La Iglesia educa cuando se deja educar por el Espíritu, desde la humildad
No es una propuesta que se dirija únicamente a instituciones educativas católicas. Francisco ha buscado implicar a todos los actores sociales, creyentes o no, para reconstruir juntos la “aldea de la educación”. En la encíclica Laudato Si’, nos recordaba que “todo está conectado” (LS 91): no hay educación posible sin justicia, sin cuidado del planeta, sin fraternidad. El Pacto es, en ese sentido, un gesto de esperanza política, una llamada a recuperar el valor social de la educación como bien común.
No alcanzaremos a comprender el enfoque del papa Francisco sin reconocer que está profundamente habitado por una espiritualidad encarnada. Para él, educar es participar de la obra creadora de Dios. Es lo que expresa cuando afirma que “no basta con ser creativos… hay que colaborar con la obra creadora permanente de Dios”, y esto implica una tarea profundamente espiritual: cuidar, proteger, posibilitar.
En el mensaje del papa Francisco a los participantes del Congreso Mundial la OIEC en Marsella (2022), afirmaba: “Educar es un acto de amor, es dar vida”. La escuela católica, desde esta óptica, tiene una misión profética, que no puede reducirse a una propuesta institucional: ha de ser una invitación para enseñar a vivir, a esperar, a confiar; cultivar no solo la mente, sino también el corazón.
El pontificado de Francisco ha estado marcado por una pedagogía de la memoria. Una memoria agradecida y crítica, que no idealiza el pasado pero reconoce en él una semilla de esperanza. En múltiples ocasiones ha subrayado que educar es un acto de transmisión, pero no de repetición. Transmitimos no lo que fue, sino aquello que puede seguir dando vida. Por eso, ha insistido en la necesidad de escuchar también a los mayores, de recuperar la sabiduría del tiempo, sin por ello frenar la creatividad de los jóvenes.
Su invitación a educar “con cabeza, corazón y manos” resuena como eco de la gran tradición educativa cristiana, renovada desde el lenguaje actual. En la exhortación postsinodal Querida Amazonía, señala que “una educación para la fraternidad, no para la competencia individualista” (QA 20) es el único camino hacia un mundo más justo. Se trata de una crítica de fondo al modelo meritocrático, y una apuesta por una educación que “primerea” e incorpora la cooperación, la inclusión y la corresponsabilidad.

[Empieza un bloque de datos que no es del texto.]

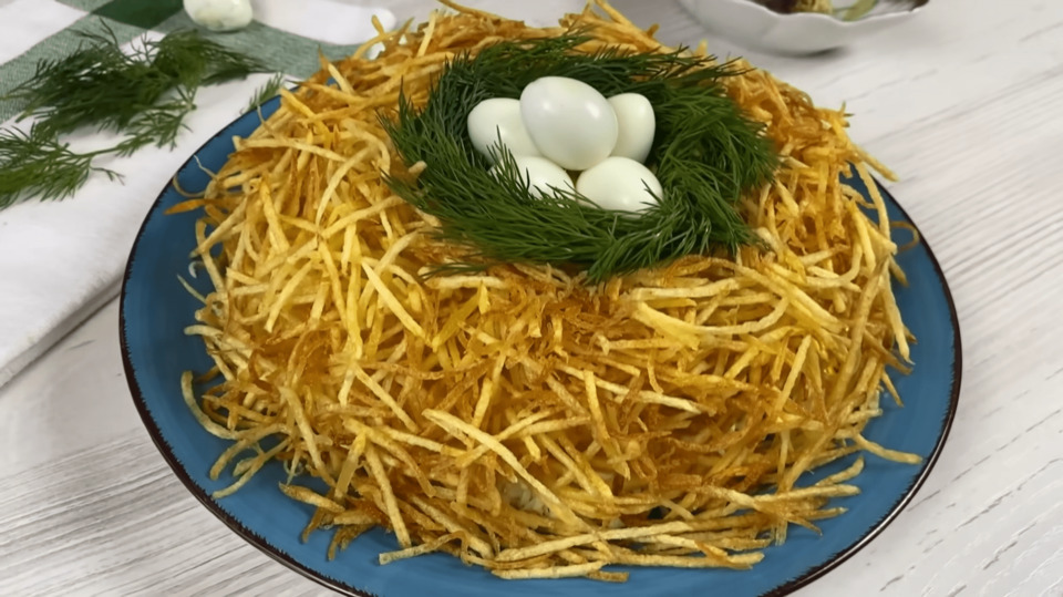 У центрі зробіть заглиблення з тертого жовтка, по краях викладіть хрумку картоплю, формуючи «гніздо». Прикрасьте кропом і викладіть всередину перепелині яйця.

Quienes creemos en el valor transformador de la educación católica tenemos el privilegio de haber vivido un pontificado que ha hecho de nuestra tarea una prioridad. No es suficiente con recordar sus palabras, estamos llamados a traducirlas en proyectos, estructuras, metodologías y estilos nuevos. La coherencia profética de Francisco nos interpela: no podemos seguir educando como si no hubiéramos sido tocados por su magisterio. Y aunque existe el riesgo de convertir su pensamiento en un catálogo de citas, más peligroso sería ignorar la emergencia educativa que nos revela. Necesitamos educar para un mundo nuevo, que no será posible sin compromiso, sin ternura y sin fe.
Francisco no solo ha sido un papa que habló de educación. Ha sido un educador en la sede de Pedro. Enseñó desde la vida, corrigió desde el Evangelio, acompañó desde la escucha. Su mayor enseñanza quizá haya sido mostrarnos que la Iglesia educa cuando se deja educar por el Espíritu, desde la humildad. Porque -como él mismo repetía- “la única vez que es permisible mirar a una persona de arriba hacia abajo es para ayudarla a ponerse de pie”.